**Task requirements:** Write out an exact copy of the line containing "The Restaurant Savings" and all lines that follow it in the data below, leaving out pictures.

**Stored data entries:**
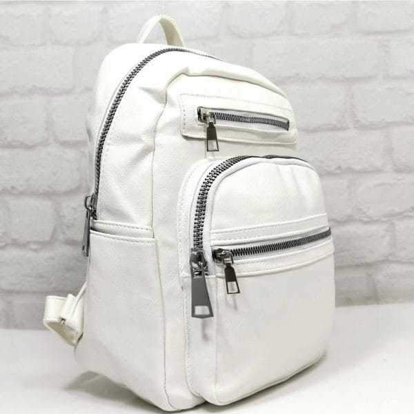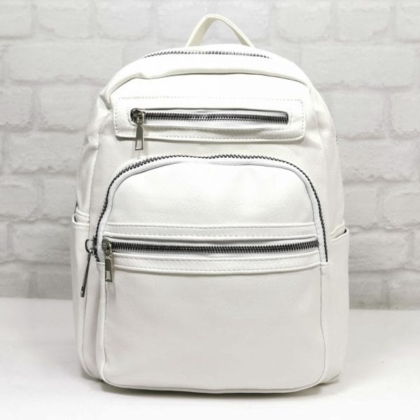 Отвън: отпред три джоба различни големини с бели метални ципове, отстрани по един джоб от двете страни, отзад на гърба джоб с цип
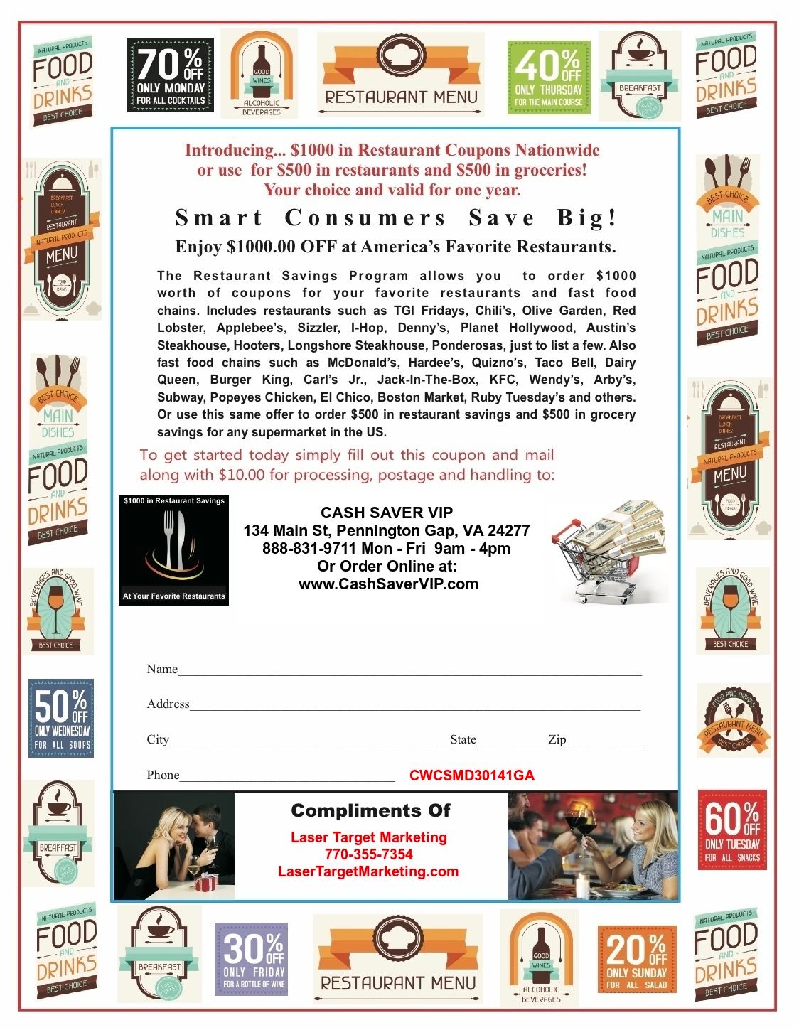 The Restaurant Savings Program allows you to order $1000 worth of coupons for your favorite restaurants and fast food chains. Includes restaurants such as TGI Fridays, Chili's, Olive Garden, Red Lobster, Applebee's, Sizzler, I-Hop, Denny's, Planet Hollywood, Austin's Steakhouse, Hooters, Longshore Steakhouse, Ponderosa, just to list a few. Also fast food chains such as McDonald's, Hardees, Quizno's, Taco Bell, Dairy Queen, Burger King, Carl's Jr., Jack-in-the-Box, KFC, Wendy's, Arby's, Subway, Popeyes Chicken, El Chico, Boston Market, Ruby Tuesday's and others. Or use this same offer to order $500 in restaurant savings and $500 in grocery savings for any supermarket in the US.
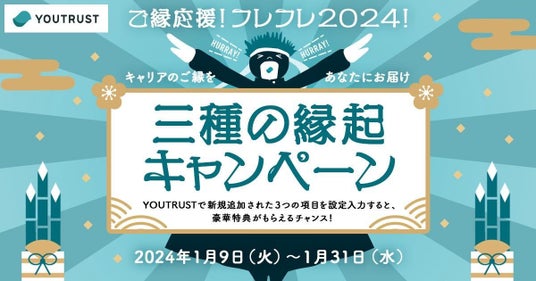 2024年新たなキャリアに出会っていただくために、YOUTRUSTのプロフィールを充実させる「三種の縁起キャンペーン」を実施。2024年からYOUTRUST上で新たに「生年月日」「希望の働く場所」「希望の働き方」の3項目が追加になり、よりユーザー様にマッチしたキャリアに出会っていただくことが出来るようになりました。
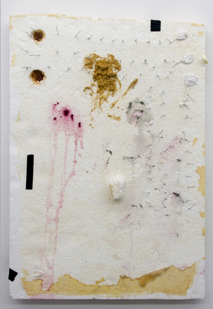 MY ITCHING PATE, EPS, Spray foam, latex, gouache, black tape, pigeon spikes, artifical maggot, 80 x 60 cm, 2013-2018
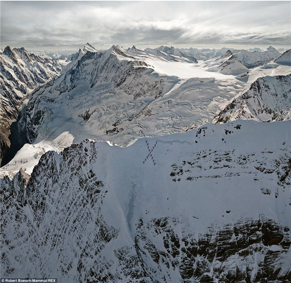 2011年艾格尔峰北坡上,登山者们不顾危险组成了雪地上的X图案。
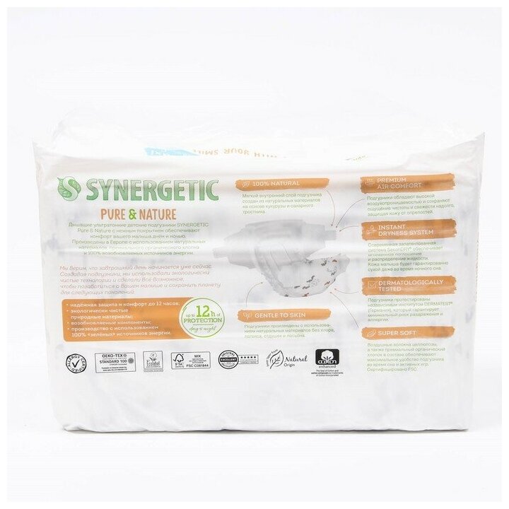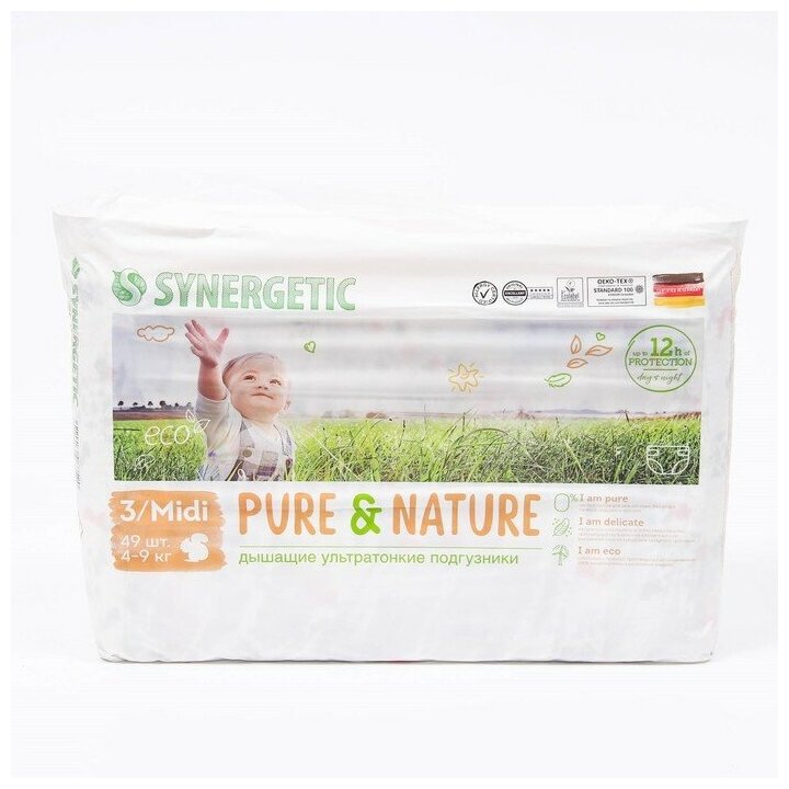 Подгузники SYNERGETIC PURE&NATURE Ультратонкие, дышащие, размер 3 MIDI, (4-9кг) 49шт
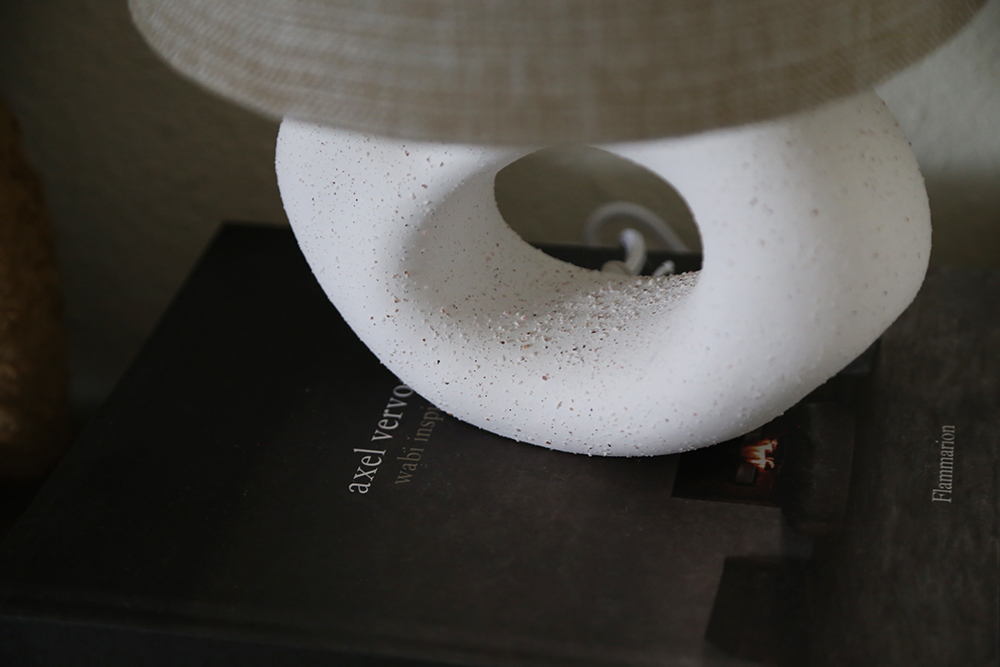 這款陶瓷燈像一件現代藝術作品, 具有白色紋理的砂飾面

**Answer for this exercise:**
 The Restaurant Savings Program allows you to order $1000 worth of coupons for your favorite restaurants and fast food chains. Includes restaurants such as TGI Fridays, Chili's, Olive Garden, Red Lobster, Applebee's, Sizzler, I-Hop, Denny's, Planet Hollywood, Austin's Steakhouse, Hooters, Longshore Steakhouse, Ponderosa, just to list a few. Also fast food chains such as McDonald's, Hardees, Quizno's, Taco Bell, Dairy Queen, Burger King, Carl's Jr., Jack-in-the-Box, KFC, Wendy's, Arby's, Subway, Popeyes Chicken, El Chico, Boston Market, Ruby Tuesday's and others. Or use this same offer to order $500 in restaurant savings and $500 in grocery savings for any supermarket in the US.
 2024年新たなキャリアに出会っていただくために、YOUTRUSTのプロフィールを充実させる「三種の縁起キャンペーン」を実施。2024年からYOUTRUST上で新たに「生年月日」「希望の働く場所」「希望の働き方」の3項目が追加になり、よりユーザー様にマッチしたキャリアに出会っていただくことが出来るようになりました。
 MY ITCHING PATE, EPS, Spray foam, latex, gouache, black tape, pigeon spikes, artifical maggot, 80 x 60 cm, 2013-2018
 2011年艾格尔峰北坡上,登山者们不顾危险组成了雪地上的X图案。
 Подгузники SYNERGETIC PURE&NATURE Ультратонкие, дышащие, размер 3 MIDI, (4-9кг) 49шт
 這款陶瓷燈像一件現代藝術作品, 具有白色紋理的砂飾面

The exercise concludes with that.